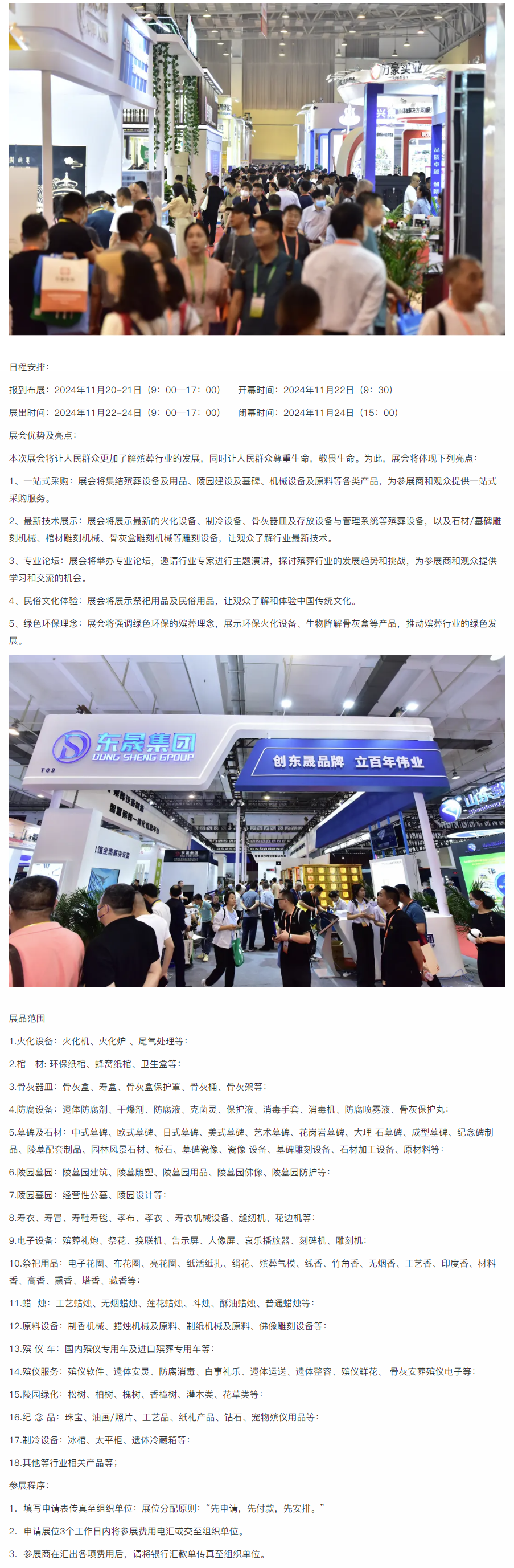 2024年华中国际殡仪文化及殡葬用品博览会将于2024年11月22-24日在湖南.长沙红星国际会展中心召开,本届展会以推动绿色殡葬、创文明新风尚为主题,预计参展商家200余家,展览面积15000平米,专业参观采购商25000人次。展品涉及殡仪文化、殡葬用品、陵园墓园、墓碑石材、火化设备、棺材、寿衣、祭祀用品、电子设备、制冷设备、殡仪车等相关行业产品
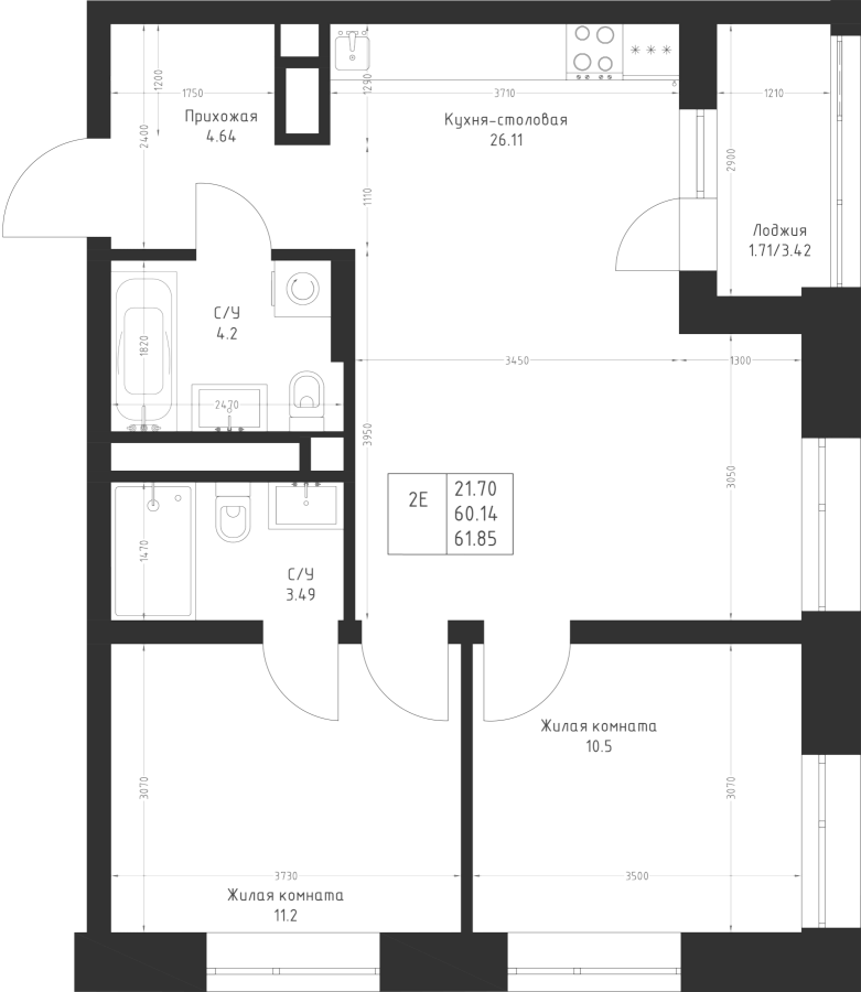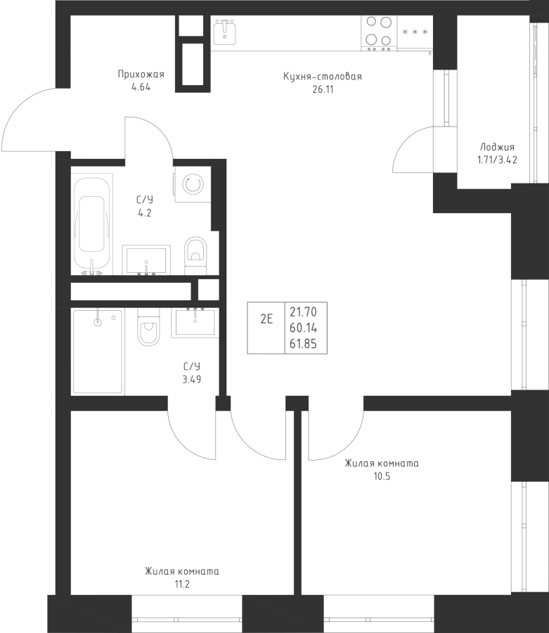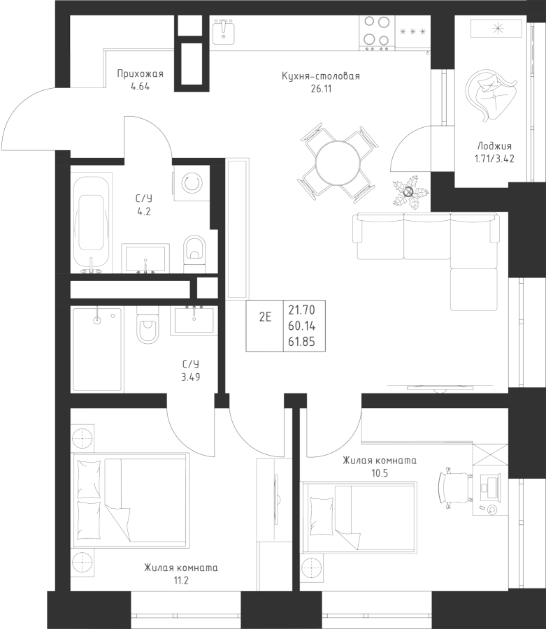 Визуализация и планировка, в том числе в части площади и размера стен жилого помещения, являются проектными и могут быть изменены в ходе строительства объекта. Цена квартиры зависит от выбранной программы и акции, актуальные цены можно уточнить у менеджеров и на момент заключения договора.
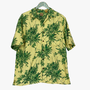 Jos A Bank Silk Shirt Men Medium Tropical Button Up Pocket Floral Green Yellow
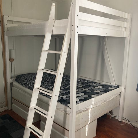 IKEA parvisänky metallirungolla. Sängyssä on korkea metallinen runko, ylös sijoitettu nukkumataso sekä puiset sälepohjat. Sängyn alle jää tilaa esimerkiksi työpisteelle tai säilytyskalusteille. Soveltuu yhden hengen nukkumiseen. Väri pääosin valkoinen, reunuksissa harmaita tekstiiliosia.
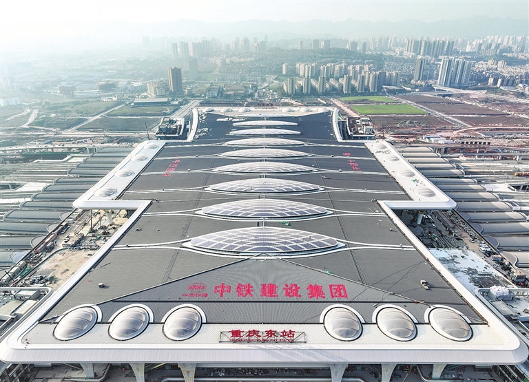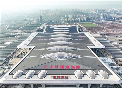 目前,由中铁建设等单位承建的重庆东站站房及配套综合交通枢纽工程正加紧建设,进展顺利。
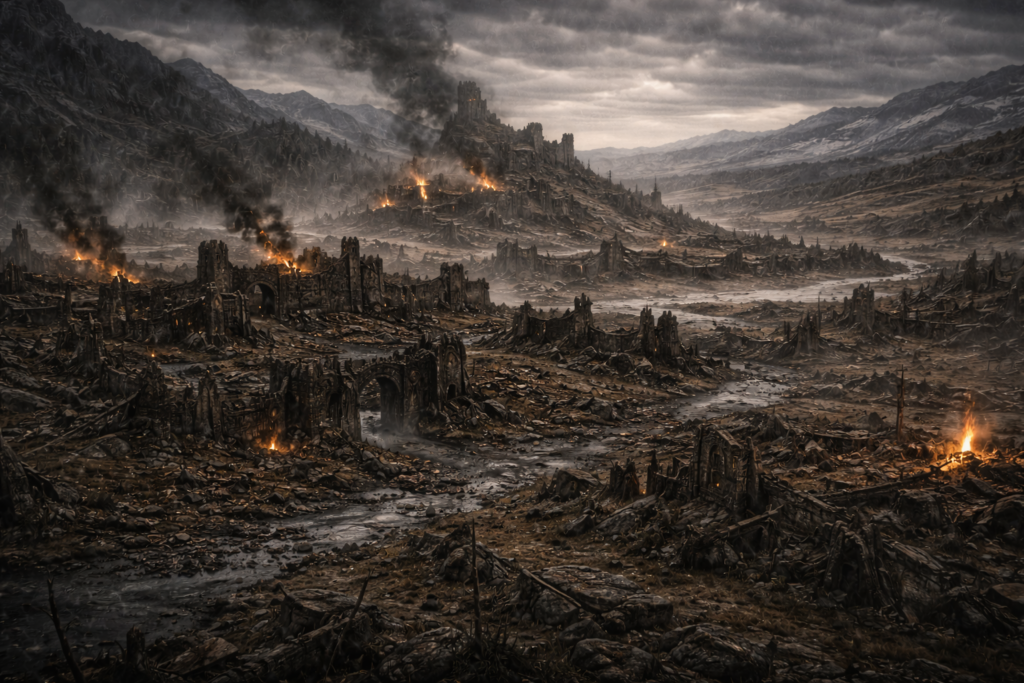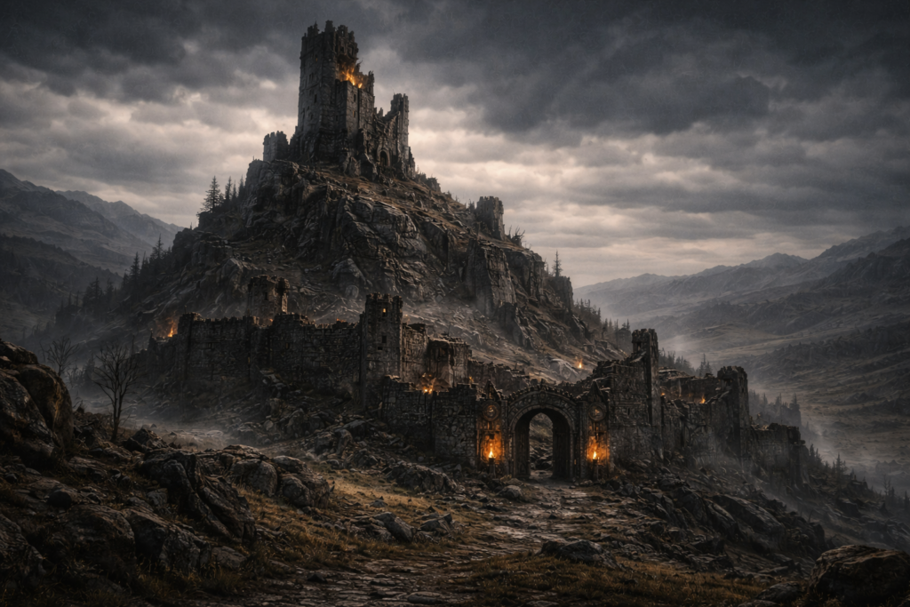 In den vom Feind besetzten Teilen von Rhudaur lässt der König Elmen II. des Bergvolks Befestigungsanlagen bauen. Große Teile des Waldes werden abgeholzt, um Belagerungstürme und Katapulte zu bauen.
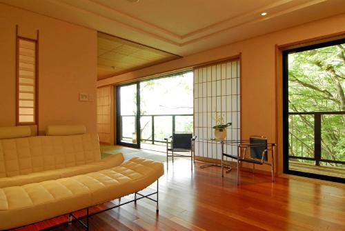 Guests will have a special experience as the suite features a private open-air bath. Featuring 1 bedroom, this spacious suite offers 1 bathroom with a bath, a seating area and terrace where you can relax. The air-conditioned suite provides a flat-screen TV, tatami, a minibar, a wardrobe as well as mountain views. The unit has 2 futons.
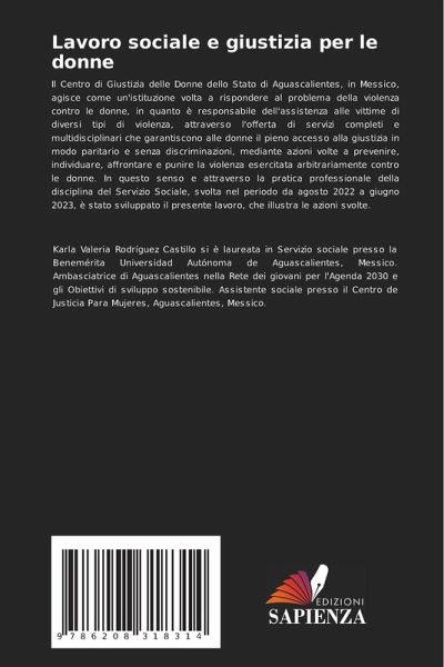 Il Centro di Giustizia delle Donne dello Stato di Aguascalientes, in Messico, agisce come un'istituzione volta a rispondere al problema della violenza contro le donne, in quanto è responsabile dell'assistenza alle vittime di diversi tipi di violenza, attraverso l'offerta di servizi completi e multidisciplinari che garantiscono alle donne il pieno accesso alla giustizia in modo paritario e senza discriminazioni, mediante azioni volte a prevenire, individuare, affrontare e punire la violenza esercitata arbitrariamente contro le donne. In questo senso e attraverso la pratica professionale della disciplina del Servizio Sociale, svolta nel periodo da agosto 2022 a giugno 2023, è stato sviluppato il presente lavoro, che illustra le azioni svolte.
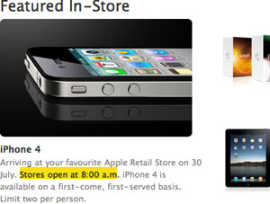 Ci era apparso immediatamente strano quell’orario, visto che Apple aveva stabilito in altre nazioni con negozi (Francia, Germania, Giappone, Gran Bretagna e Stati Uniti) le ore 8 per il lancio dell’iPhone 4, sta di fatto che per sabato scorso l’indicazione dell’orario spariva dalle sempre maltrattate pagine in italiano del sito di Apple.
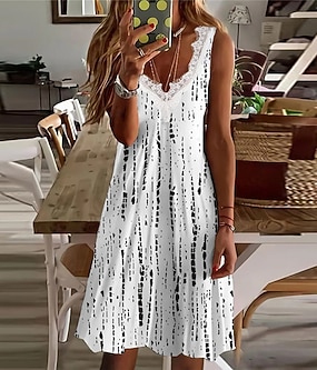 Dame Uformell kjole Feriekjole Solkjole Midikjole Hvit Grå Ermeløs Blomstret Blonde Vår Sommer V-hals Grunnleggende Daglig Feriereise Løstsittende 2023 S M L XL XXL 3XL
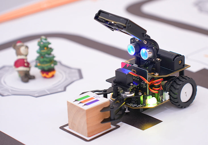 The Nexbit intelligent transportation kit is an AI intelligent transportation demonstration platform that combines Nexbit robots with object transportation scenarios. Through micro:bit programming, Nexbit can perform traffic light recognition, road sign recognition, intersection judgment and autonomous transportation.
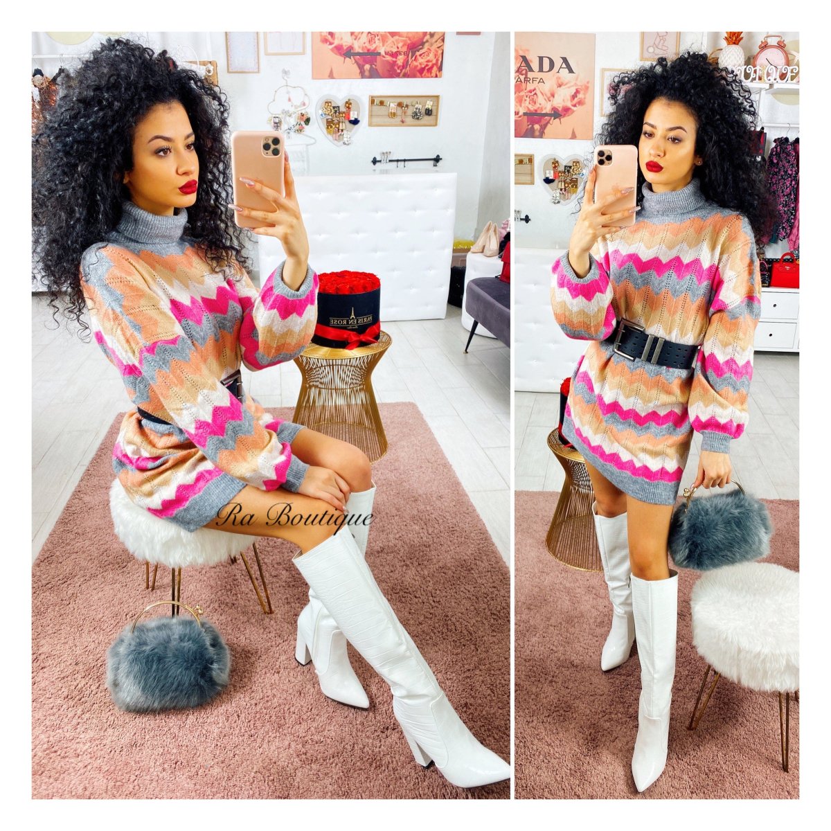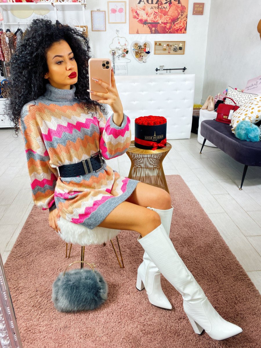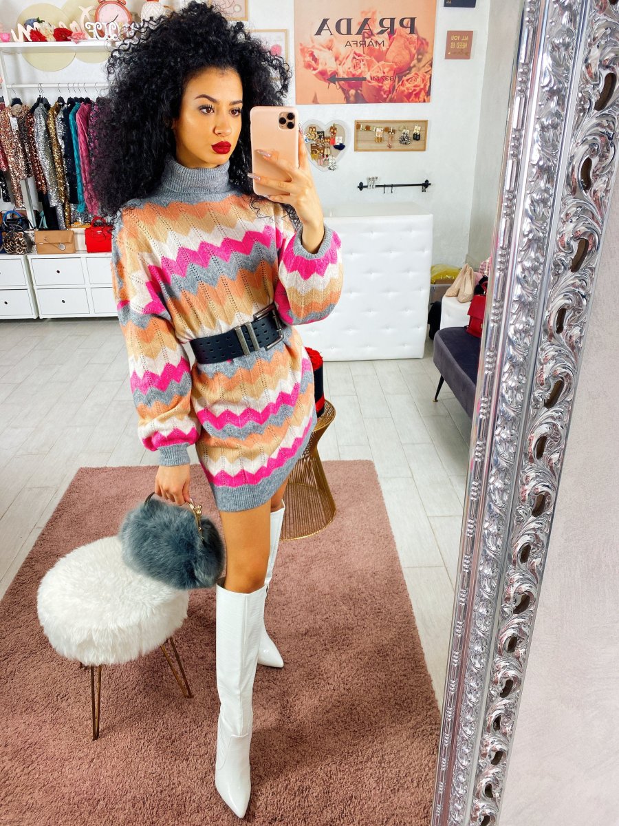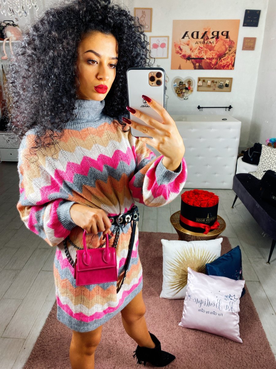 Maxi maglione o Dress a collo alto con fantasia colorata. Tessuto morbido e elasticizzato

WHAT TO WORK ON: Your reply should hold exactly the lines from the line containing "Ci era apparso" through the final line of the listing, and none of the pictures.

FINAL ANSWER:
 Ci era apparso immediatamente strano quell’orario, visto che Apple aveva stabilito in altre nazioni con negozi (Francia, Germania, Giappone, Gran Bretagna e Stati Uniti) le ore 8 per il lancio dell’iPhone 4, sta di fatto che per sabato scorso l’indicazione dell’orario spariva dalle sempre maltrattate pagine in italiano del sito di Apple.
 Dame Uformell kjole Feriekjole Solkjole Midikjole Hvit Grå Ermeløs Blomstret Blonde Vår Sommer V-hals Grunnleggende Daglig Feriereise Løstsittende 2023 S M L XL XXL 3XL
 The Nexbit intelligent transportation kit is an AI intelligent transportation demonstration platform that combines Nexbit robots with object transportation scenarios. Through micro:bit programming, Nexbit can perform traffic light recognition, road sign recognition, intersection judgment and autonomous transportation.
 Maxi maglione o Dress a collo alto con fantasia colorata. Tessuto morbido e elasticizzato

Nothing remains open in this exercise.